Mail-Merge SQL Data into DOCX & PDF in DuckDB

A Query.Farm VGI worker for DuckDB.

Mail-Merge SQL Data into DOCX & PDF in DuckDB

vgi-docgen · a Query.Farm VGI worker · powered by docxtpl

A VGI worker that brings mail-merge at scale from SQL to DuckDB: merge query data into DOCX templates to produce filled documents — invoices, contracts, statements, letters — each returned as a BLOB. It is the inverse of vgi-tika / vgi-pdf: those pull text/structure out of documents; this fills documents up.

Backed by docxtpl (Jinja2-style {{ placeholders }} and {% for %} loops over python-docx, both LGPL/MIT) and docxcompose (BSD) for the merge. PDF output is optional and uses headless LibreOffice if present.
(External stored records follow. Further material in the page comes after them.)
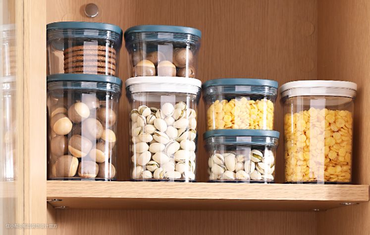 同时选择透明的可以让我们很直观的看到每一个储物盒内存放着那一类物品;在形状选择上,方形要比圆形得好,可以避免更多储物盒空间之间的浪费;最后,一些储物盒会用来储存食材,所以密封性也要着重关注一下。
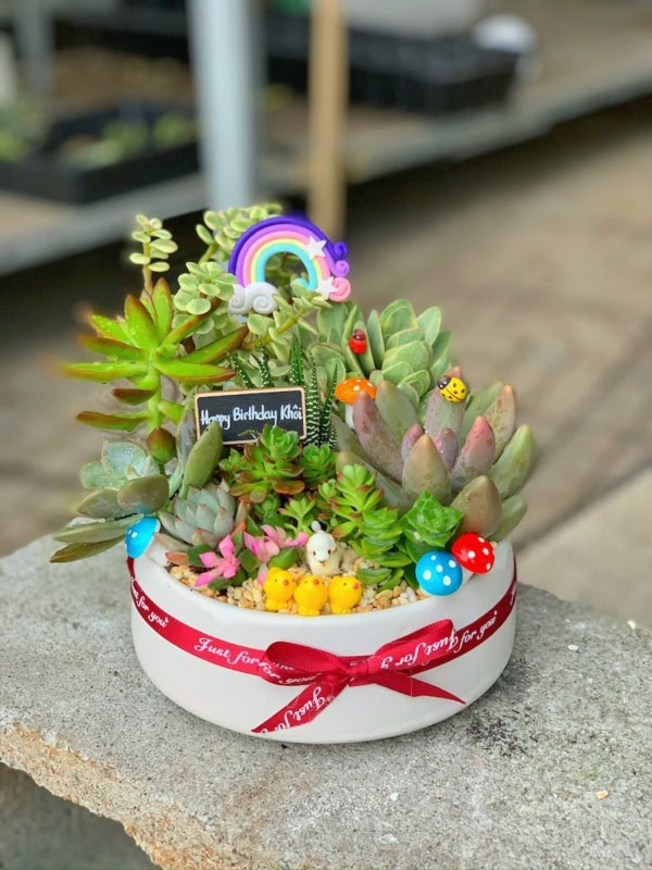 Tiểu cảnh Sen đá I Quà Tặng Sếp Nữ Cao Cấp – Cùng Lời chúc Thịnh Vượng
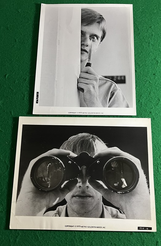 One is a particularly interesting still which has had b/w photos added to the glasses of the binoculars. This shot showing the slasher killer was pivotal in the movie & appears on the US 1-Sheet poster (image for reference courtesy of emovieposter). This particular still has been marked up on the reverse, clearly for further promotional/publication purposes. The second still has been similarly annotated to the reverse.
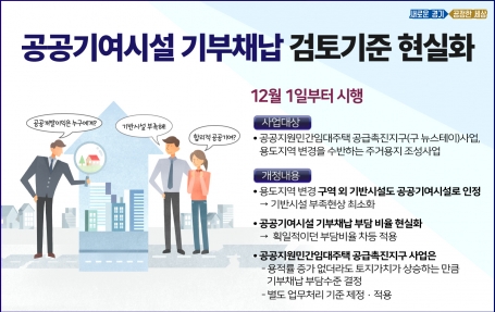 개정의 주요 내용은 ▲서로 다른 성격의 사업 분리 ▲공공기여 기부채납 대상 및 부담량 현실화 ▲공공기여시설 기부채납 부담기준 산식의 공정화 등이다.
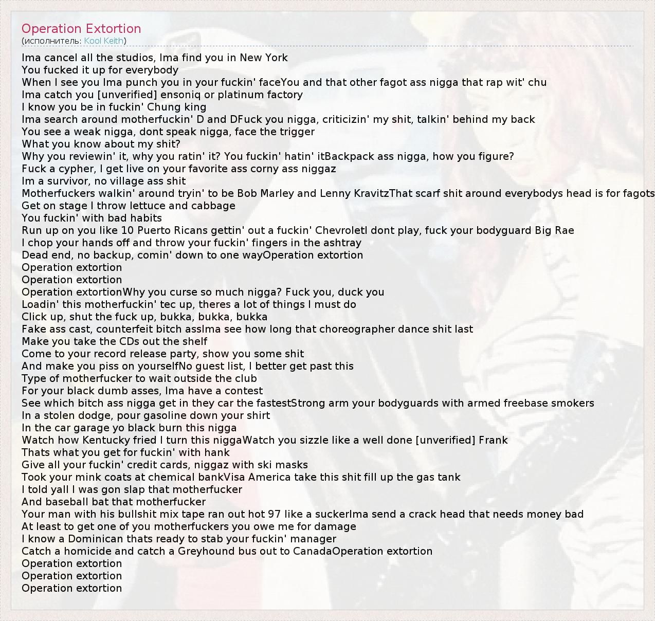 Ima cancel all the studios, Ima find you in New York You fucked it up for everybody When I see you Ima punch you in your fuckin' faceYou and that other fagot ass nigga that rap wit' chu Ima catch you [unverified] ensoniq or platinum factory I know you be in fuckin' Chung king Ima search around motherfuckin' D and DFuck you nigga, criticizin' my shit, talkin' behind my back You see a weak nigga, dont speak nigga, face the trigger What you know about my shit? Why you reviewin' it, why you ratin' it? You fuckin' hatin' itBackpack ass nigga, how you figure? Fuck a cypher, I get live on your favorite ass corny ass niggaz Im a survivor, no village ass shit Motherfuckers walkin' around tryin' to be Bob Marley and Lenny KravitzThat scarf shit around everybodys head is for fagots Get on stage I throw lettuce and cabbage You fuckin' with bad habits Run up on you like 10 Puerto Ricans gettin' out a fuckin' ChevroletI dont play, fuck your bodyguard Big Rae I chop your hands off and throw your fuckin' fingers in the ashtray Dead end, no backup, comin' down to one wayOperation extortion Operation extortion Operation extortion Operation extortionWhy you curse so much nigga? Fuck you, duck you Loadin' this motherfuckin' tec up, theres a lot of things I must do Click up, shut the fuck up, bukka, bukka, bukka Fake ass cast, counterfeit bitch assIma see how long that choreographer dance shit last Make you take the CDs out the shelf Come to your record release party, show you some shit And make you piss on yourselfNo guest list, I better get past this Type of motherfucker to wait outside the club For your black dumb asses, Ima have a contest See which bitch ass nigga get in they car the fastestStrong arm your bodyguards with armed freebase smokers In a stolen dodge, pour gasoline down your shirt In the car garage yo black burn this nigga Watch how Kentucky fried I turn this niggaWatch you sizzle like a well done [unverified] Frank Thats what you get for fuckin' with hank Give all your fuckin' credit cards, niggaz with ski masks Took your mink coats at chemical bankVisa America take this shit fill up the gas tank I told yall I was gon slap that motherfucker And baseball bat that motherfucker Your man with his bullshit mix tape ran out hot 97 like a suckerIma send a crack head that needs money bad At least to get one of you motherfuckers you owe me for damage I know a Dominican thats ready to stab your fuckin' manager Catch a homicide and catch a Greyhound bus out to CanadaOperation extortion Operation extortion Operation extortion Operation extortion

INSTALL vgi FROM community; LOAD vgi;
ATTACH 'docgen' (TYPE vgi, LOCATION 'uv run docgen_worker.py');

-- One rendered DOCX per row (scalar): template + a STRUCT of row data -> BLOB
SELECT docgen.docgen_render('invoice.docx', {customer: name, total: amount})
FROM invoices;

-- Inline template bytes work too (BLOB template instead of a path)
SELECT docgen.docgen_render(tpl.bytes, {customer: name})
FROM letters, templates AS tpl;

-- Opt into PDF (3rd positional arg; requires headless LibreOffice on PATH)
SELECT docgen.docgen_render('invoice.docx', {total: amount}, true) FROM invoices;

-- Many rows -> ONE merged document (buffering): template as a NAMED arg
SELECT doc FROM docgen.docgen_merge(
    (SELECT customer, total FROM invoices),
    template := 'invoice.docx');

Functions

function	kind	signature	returns
`docgen_render(template, data)`	scalar	template `VARCHAR` path or `BLOB` bytes; `data` a `STRUCT`	rendered `.docx` `BLOB` (NULL on failure)
`docgen_render(template, data, pdf)`	scalar	+ `pdf BOOLEAN`	`.docx` or `.pdf` `BLOB` (NULL if PDF requested but LibreOffice absent)
`docgen_merge(rel, template[, pdf])`	table (buffering)	`rel` a `(SELECT …)`; `template := 'path'` named; `pdf := true` named	one-row `doc BLOB` — all rows merged into a single document

`docgen_render` — one document per row (scalar)

A true DuckDB scalar, so it composes in any projection. Arguments are positional only (scalar functions do not support name := value):

template — a VARCHAR path (resolved directly, then under $VGI_DOCGEN_TEMPLATES) or a BLOB of raw .docx bytes. These are two overloads sharing the name, resolved by argument type.
data — an arbitrary STRUCT. Every field becomes a Jinja2 variable in the template ({{ field }}); nested STRUCT/LIST data drives {% for %} loops and tables. Build it inline with {a: x, b: y} or struct_pack(a := x).
pdf (optional) — BOOLEAN; true converts to PDF via LibreOffice.

`docgen_merge` — many rows into one document (buffering)

The mail-merge path: renders the template once per input row and concatenates the results into a single merged .docx (a page break between rows), returned as one BLOB. Because it must see every row first, it is a buffering (Sink/finalize) table function: the relation is the positional (SELECT …), and the template (and optional pdf) are named args (table functions support name := value). Every relation column is available to the template by name.

Templates

Path — 'invoice.docx'. Resolved relative to the worker's working directory, then under $VGI_DOCGEN_TEMPLATES if set, so you can keep a shared templates directory and reference bare names.
Inline bytes — pass a BLOB column of raw .docx bytes (e.g. a templates table). Lets templates live in DuckDB itself.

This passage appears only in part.